* Records for this exercise
--------------------------------
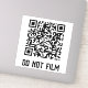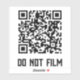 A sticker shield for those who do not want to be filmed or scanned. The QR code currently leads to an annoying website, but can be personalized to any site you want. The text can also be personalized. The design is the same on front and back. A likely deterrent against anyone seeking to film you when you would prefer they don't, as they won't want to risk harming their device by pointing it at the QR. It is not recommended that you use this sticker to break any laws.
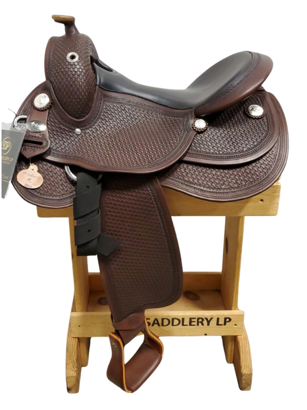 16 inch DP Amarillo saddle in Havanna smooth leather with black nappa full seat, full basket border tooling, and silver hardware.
--------------------------------
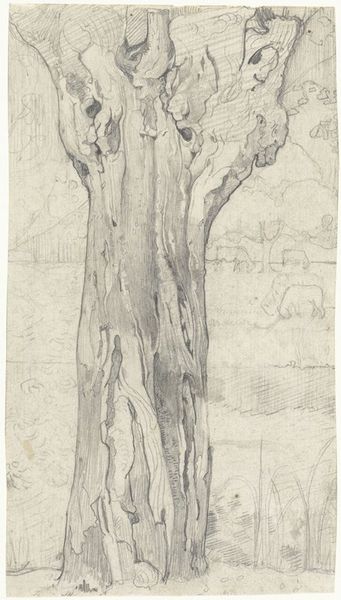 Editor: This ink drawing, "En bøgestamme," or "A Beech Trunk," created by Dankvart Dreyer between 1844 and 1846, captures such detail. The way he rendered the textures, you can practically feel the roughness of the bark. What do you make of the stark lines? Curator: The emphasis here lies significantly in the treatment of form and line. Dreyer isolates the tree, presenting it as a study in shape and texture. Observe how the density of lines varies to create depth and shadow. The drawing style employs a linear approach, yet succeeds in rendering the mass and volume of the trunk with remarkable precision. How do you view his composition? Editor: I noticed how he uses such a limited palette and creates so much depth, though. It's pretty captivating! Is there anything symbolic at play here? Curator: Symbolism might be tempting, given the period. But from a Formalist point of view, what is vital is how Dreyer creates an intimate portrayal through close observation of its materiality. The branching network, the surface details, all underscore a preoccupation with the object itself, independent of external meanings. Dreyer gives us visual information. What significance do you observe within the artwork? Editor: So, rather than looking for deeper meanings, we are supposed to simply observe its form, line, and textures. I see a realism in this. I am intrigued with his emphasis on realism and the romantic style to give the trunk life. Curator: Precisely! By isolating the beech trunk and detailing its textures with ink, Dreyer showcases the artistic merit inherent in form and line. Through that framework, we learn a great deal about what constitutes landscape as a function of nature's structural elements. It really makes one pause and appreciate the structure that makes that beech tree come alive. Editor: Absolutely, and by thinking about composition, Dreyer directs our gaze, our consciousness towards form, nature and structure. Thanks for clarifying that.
--------------------------------
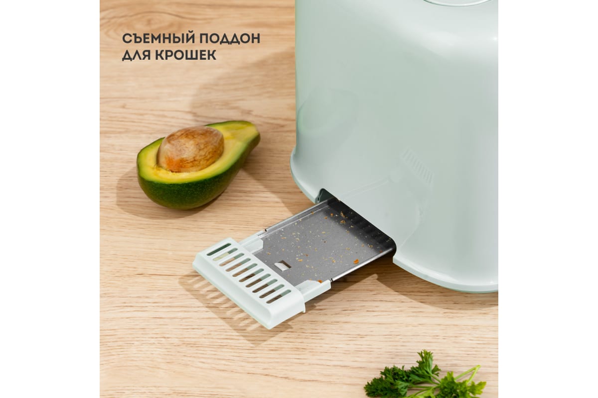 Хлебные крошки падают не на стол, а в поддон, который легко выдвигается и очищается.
--------------------------------
Retype only the lines above from the one with "A sticker shield" through the one with "16 inch DP Amarillo", exactly and with both ends. Images stay out.

 A sticker shield for those who do not want to be filmed or scanned. The QR code currently leads to an annoying website, but can be personalized to any site you want. The text can also be personalized. The design is the same on front and back. A likely deterrent against anyone seeking to film you when you would prefer they don't, as they won't want to risk harming their device by pointing it at the QR. It is not recommended that you use this sticker to break any laws.
 16 inch DP Amarillo saddle in Havanna smooth leather with black nappa full seat, full basket border tooling, and silver hardware.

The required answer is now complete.